#### Work required
Among the lines of data below, reproduce only those from the one with "The sweet spot" through the one with "1/10 Ctw Initial", exactly as they stand, both ends included.

#### Provided data
--- START ---

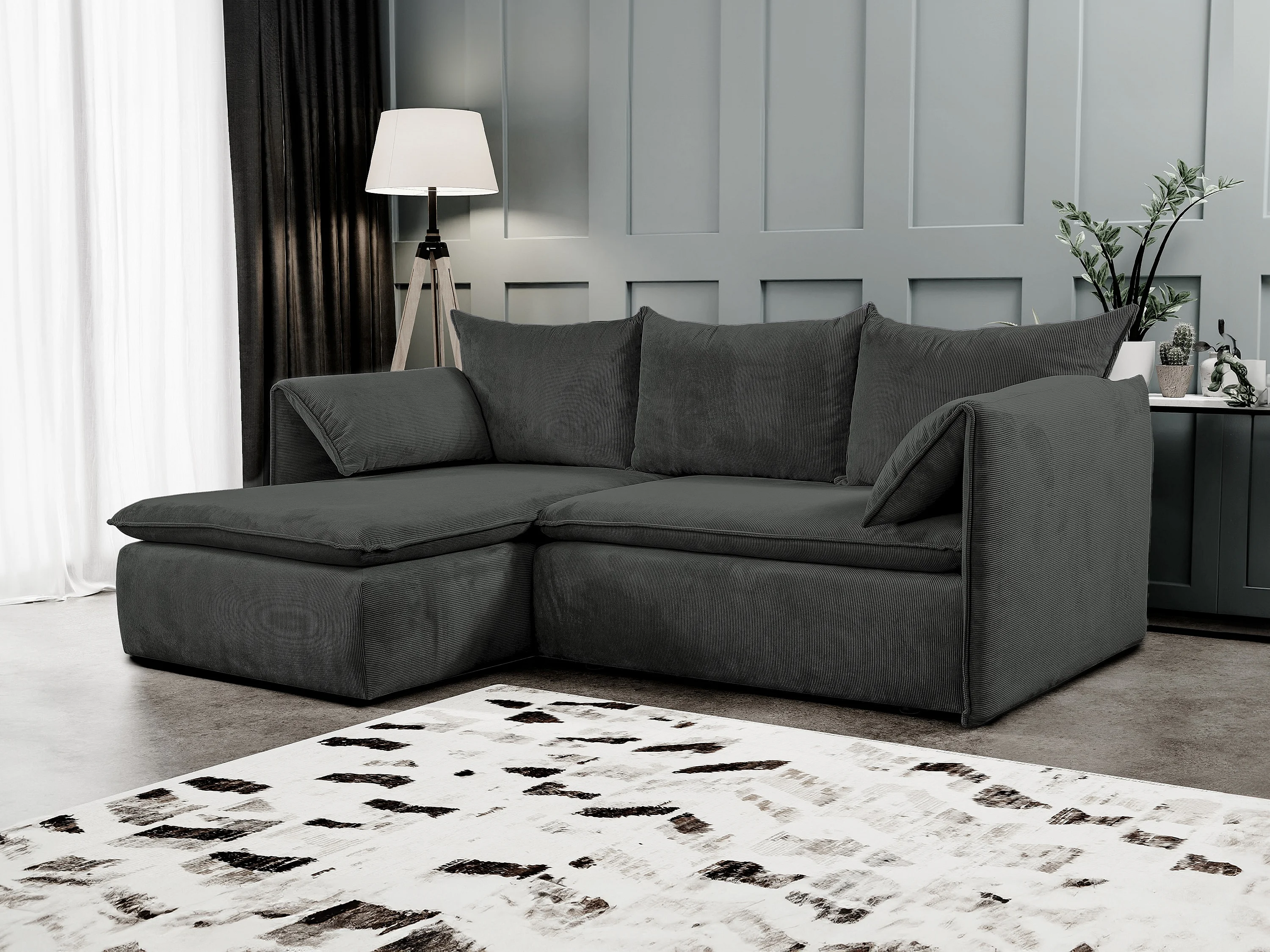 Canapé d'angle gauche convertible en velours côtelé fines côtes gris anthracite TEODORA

--- END ---
--- START ---

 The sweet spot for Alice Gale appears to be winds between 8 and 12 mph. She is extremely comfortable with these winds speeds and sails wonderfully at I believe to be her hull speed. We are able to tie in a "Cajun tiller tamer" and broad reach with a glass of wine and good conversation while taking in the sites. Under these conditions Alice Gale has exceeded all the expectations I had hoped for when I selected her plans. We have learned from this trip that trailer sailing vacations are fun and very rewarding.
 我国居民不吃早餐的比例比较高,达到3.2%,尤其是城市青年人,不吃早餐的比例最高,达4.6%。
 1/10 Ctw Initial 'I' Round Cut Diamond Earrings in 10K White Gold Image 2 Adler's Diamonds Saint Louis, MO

--- END ---
--- START ---

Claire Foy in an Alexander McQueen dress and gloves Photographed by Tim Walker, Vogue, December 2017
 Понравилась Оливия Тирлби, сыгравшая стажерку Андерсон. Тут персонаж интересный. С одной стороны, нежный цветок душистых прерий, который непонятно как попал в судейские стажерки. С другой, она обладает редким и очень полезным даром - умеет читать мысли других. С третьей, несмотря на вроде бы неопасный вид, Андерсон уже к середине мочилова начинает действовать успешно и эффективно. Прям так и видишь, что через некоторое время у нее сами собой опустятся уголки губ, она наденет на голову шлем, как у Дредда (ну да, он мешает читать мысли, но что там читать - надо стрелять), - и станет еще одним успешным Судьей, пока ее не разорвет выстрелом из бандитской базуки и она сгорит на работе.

--- END ---

#### The answer
 The sweet spot for Alice Gale appears to be winds between 8 and 12 mph. She is extremely comfortable with these winds speeds and sails wonderfully at I believe to be her hull speed. We are able to tie in a "Cajun tiller tamer" and broad reach with a glass of wine and good conversation while taking in the sites. Under these conditions Alice Gale has exceeded all the expectations I had hoped for when I selected her plans. We have learned from this trip that trailer sailing vacations are fun and very rewarding.
 我国居民不吃早餐的比例比较高,达到3.2%,尤其是城市青年人,不吃早餐的比例最高,达4.6%。
 1/10 Ctw Initial 'I' Round Cut Diamond Earrings in 10K White Gold Image 2 Adler's Diamonds Saint Louis, MO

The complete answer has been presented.